Data items:
---

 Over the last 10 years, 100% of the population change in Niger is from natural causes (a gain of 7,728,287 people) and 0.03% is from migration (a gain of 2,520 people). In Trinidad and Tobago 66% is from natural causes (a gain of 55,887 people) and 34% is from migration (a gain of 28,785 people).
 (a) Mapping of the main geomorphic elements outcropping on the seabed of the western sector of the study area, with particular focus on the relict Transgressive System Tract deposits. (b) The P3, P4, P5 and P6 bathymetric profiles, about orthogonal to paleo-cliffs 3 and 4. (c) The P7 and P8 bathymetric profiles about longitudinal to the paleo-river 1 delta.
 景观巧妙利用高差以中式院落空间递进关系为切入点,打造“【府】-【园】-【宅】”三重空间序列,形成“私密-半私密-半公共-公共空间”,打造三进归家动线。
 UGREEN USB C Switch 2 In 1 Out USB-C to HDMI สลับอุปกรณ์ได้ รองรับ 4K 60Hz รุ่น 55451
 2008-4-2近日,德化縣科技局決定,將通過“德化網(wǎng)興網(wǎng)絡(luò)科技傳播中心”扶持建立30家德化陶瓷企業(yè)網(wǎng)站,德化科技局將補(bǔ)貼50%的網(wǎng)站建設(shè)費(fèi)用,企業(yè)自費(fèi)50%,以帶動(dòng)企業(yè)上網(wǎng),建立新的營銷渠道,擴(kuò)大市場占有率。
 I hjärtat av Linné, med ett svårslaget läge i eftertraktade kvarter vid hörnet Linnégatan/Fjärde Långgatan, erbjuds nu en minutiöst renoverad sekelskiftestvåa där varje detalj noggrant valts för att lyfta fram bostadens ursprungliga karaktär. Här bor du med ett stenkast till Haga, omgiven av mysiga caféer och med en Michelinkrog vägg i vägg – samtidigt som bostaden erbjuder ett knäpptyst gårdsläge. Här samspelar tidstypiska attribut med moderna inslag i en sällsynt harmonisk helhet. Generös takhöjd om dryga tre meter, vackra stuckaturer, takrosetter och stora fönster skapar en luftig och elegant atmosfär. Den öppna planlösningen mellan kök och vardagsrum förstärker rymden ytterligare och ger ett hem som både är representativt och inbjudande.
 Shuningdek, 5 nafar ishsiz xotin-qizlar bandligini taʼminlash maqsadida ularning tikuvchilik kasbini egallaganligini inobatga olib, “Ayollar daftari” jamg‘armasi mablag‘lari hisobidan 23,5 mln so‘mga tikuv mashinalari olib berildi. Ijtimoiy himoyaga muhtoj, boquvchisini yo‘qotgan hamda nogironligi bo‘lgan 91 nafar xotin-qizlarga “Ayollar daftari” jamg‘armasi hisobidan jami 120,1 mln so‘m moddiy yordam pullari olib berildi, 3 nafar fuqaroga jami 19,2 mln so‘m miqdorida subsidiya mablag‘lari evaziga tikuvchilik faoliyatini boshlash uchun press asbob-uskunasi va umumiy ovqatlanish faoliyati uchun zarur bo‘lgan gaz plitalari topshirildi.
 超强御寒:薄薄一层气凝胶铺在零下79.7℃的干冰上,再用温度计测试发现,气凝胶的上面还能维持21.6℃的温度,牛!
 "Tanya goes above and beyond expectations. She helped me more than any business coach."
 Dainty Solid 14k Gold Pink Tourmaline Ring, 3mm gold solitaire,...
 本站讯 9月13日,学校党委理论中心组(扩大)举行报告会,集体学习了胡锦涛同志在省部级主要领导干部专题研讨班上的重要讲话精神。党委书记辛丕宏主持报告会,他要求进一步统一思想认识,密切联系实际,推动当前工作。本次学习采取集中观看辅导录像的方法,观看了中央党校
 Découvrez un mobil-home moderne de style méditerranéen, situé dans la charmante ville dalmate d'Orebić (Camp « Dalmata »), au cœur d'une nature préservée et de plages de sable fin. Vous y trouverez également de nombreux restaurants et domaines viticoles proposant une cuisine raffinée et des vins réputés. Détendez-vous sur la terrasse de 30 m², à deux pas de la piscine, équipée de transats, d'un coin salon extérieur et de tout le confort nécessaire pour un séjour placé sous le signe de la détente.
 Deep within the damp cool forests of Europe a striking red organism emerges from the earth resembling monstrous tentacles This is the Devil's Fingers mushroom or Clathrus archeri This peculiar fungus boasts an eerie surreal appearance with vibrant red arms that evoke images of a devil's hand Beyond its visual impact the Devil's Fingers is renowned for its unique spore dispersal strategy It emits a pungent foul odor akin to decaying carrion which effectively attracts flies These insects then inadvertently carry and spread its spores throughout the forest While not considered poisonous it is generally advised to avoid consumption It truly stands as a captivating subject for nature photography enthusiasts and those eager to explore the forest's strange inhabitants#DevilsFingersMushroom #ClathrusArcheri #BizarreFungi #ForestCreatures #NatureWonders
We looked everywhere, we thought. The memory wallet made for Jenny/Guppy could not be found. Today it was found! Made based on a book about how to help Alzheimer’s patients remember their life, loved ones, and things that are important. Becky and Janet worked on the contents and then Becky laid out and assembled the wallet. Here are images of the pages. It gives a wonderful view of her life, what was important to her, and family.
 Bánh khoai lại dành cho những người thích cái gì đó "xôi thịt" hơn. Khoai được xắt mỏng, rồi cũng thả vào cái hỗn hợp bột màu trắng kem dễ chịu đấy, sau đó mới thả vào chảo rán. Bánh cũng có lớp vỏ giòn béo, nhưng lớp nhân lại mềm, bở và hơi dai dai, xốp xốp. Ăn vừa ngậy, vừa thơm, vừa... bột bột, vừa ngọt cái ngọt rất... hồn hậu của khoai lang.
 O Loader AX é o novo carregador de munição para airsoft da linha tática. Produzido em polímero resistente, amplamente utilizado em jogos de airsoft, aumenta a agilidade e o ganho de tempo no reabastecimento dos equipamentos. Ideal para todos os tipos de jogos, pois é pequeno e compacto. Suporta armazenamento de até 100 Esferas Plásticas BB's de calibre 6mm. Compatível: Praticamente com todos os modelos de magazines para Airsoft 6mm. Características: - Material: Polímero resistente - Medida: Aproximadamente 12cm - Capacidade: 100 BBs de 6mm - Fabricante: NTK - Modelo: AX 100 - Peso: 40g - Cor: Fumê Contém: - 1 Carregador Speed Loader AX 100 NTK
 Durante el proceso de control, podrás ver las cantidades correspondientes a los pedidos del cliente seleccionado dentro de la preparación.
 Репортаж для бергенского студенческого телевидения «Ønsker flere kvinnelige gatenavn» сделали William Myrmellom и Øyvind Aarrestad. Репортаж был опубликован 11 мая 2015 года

---

# What needs to be done
Whenever a line above includes the string "about", copy it.

# Output of the exercise
 (a) Mapping of the main geomorphic elements outcropping on the seabed of the western sector of the study area, with particular focus on the relict Transgressive System Tract deposits. (b) The P3, P4, P5 and P6 bathymetric profiles, about orthogonal to paleo-cliffs 3 and 4. (c) The P7 and P8 bathymetric profiles about longitudinal to the paleo-river 1 delta.
We looked everywhere, we thought. The memory wallet made for Jenny/Guppy could not be found. Today it was found! Made based on a book about how to help Alzheimer’s patients remember their life, loved ones, and things that are important. Becky and Janet worked on the contents and then Becky laid out and assembled the wallet. Here are images of the pages. It gives a wonderful view of her life, what was important to her, and family.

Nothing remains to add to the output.